The partition window described earlier actually gives access to a whole range of functions to change the appearance of the graph. For example, under 'ranking' it is possible to change the color or the size of nodes, edges and labels based on various ranking parameters. For example, to sites according to the number of pages go to the ranking tab and select the diamond icon for size. Here select the 'children count' from the drop-down menu and adjust the sizes. After pressing Apply, the nodes will be scaled according to the chosen ranking parameter.
One of the main views we have not described is the Data Laboratory. This view gives access to the node properties, and allows us to add columns or change existing columns. From the Overview page, we can also apply statistics which result in new columns with certain network metrics.
And last but not least, among the layout algorithms is the 'Label Adjust' algorithm. This can be run after your regular layout algorithm, and will nudge the nodes slightly so that all labels are readable. This might not be possible in particular dense maps without increasing the distance between nodes in the original layout algorithm.

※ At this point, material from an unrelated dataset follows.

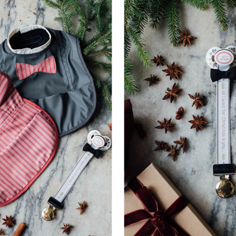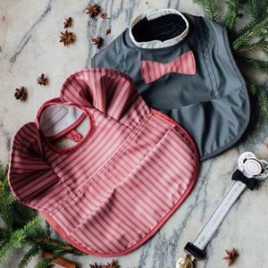 Deze gave waterdichte slab is gemaakt van waterdicht zacht materiaal. Hij is mooi donkerblauw met ee rood wit gestreepte strik, speciaal voor de feestdagen.

Differences with the cluster-map visualisation
- Node coloring
We believe Gephi will become (and in fact already is) a very valuable tool in network analysis. It is better suited at visualizing large graphs, such as the issuecrawler output of a snowball or inter-actor crawl, than the original issuecrawler visualization module. The long-term vision is therefore to replace the existing module with a server-side Gephi visualization. We will take it step by step, and the experimental export function is just the beginning. Other planned features are:
- duplicate the output of the current visualisation module (including the specificity measure) with Gephi;
- integrate Gephi as a server-side visualisation module;
- add tld and if applicable sld to node properties for partitioning, current 'category' maps .com. to COM for example;